◆ TASK ITEM: Would you restate the full listing word for word and omit its pictures?

◆ INFORMATION PROVIDED:
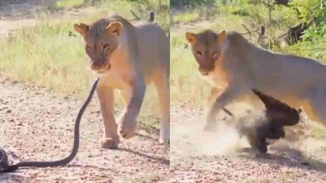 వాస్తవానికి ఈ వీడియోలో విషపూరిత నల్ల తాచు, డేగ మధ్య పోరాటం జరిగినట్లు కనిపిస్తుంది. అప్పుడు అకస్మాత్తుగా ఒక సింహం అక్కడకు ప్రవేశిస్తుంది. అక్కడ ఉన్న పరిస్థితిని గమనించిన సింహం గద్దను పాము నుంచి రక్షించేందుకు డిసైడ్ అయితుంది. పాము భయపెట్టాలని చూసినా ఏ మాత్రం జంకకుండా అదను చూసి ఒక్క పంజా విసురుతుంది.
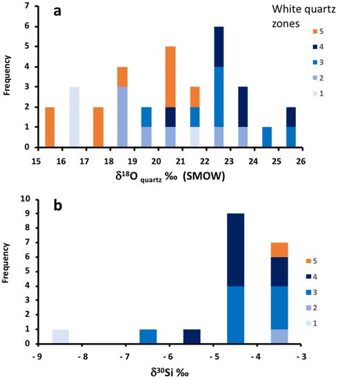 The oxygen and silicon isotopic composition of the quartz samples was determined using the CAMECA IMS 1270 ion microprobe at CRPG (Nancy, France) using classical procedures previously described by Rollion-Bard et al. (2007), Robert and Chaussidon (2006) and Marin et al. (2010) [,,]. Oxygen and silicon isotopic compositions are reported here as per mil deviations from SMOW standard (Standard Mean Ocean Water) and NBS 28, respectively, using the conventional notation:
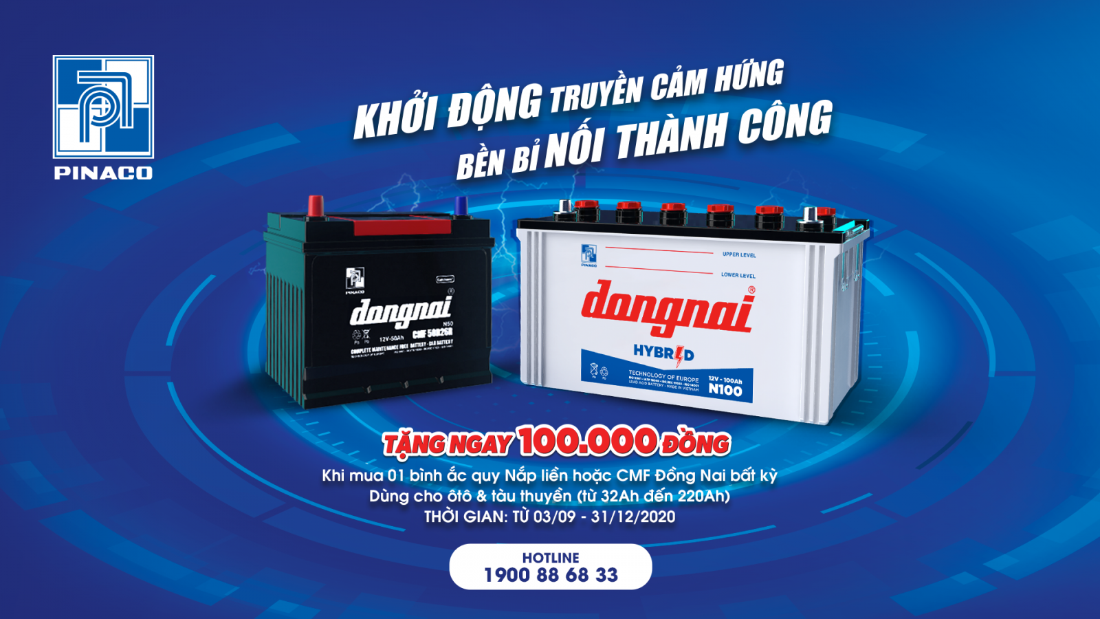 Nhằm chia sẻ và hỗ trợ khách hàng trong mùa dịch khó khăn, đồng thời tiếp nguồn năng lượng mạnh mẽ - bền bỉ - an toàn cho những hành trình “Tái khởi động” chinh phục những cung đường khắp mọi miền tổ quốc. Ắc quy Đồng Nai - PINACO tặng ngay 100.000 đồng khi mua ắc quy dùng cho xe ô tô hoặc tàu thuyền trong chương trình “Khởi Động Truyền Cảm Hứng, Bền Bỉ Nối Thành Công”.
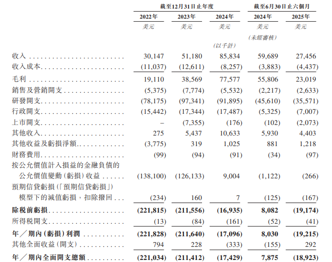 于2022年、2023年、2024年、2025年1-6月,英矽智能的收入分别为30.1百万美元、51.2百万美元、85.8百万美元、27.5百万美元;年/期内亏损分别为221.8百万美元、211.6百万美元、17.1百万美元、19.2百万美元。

◆ REPLY:
 వాస్తవానికి ఈ వీడియోలో విషపూరిత నల్ల తాచు, డేగ మధ్య పోరాటం జరిగినట్లు కనిపిస్తుంది. అప్పుడు అకస్మాత్తుగా ఒక సింహం అక్కడకు ప్రవేశిస్తుంది. అక్కడ ఉన్న పరిస్థితిని గమనించిన సింహం గద్దను పాము నుంచి రక్షించేందుకు డిసైడ్ అయితుంది. పాము భయపెట్టాలని చూసినా ఏ మాత్రం జంకకుండా అదను చూసి ఒక్క పంజా విసురుతుంది.
 The oxygen and silicon isotopic composition of the quartz samples was determined using the CAMECA IMS 1270 ion microprobe at CRPG (Nancy, France) using classical procedures previously described by Rollion-Bard et al. (2007), Robert and Chaussidon (2006) and Marin et al. (2010) [,,]. Oxygen and silicon isotopic compositions are reported here as per mil deviations from SMOW standard (Standard Mean Ocean Water) and NBS 28, respectively, using the conventional notation:
 Nhằm chia sẻ và hỗ trợ khách hàng trong mùa dịch khó khăn, đồng thời tiếp nguồn năng lượng mạnh mẽ - bền bỉ - an toàn cho những hành trình “Tái khởi động” chinh phục những cung đường khắp mọi miền tổ quốc. Ắc quy Đồng Nai - PINACO tặng ngay 100.000 đồng khi mua ắc quy dùng cho xe ô tô hoặc tàu thuyền trong chương trình “Khởi Động Truyền Cảm Hứng, Bền Bỉ Nối Thành Công”.
 于2022年、2023年、2024年、2025年1-6月,英矽智能的收入分别为30.1百万美元、51.2百万美元、85.8百万美元、27.5百万美元;年/期内亏损分别为221.8百万美元、211.6百万美元、17.1百万美元、19.2百万美元。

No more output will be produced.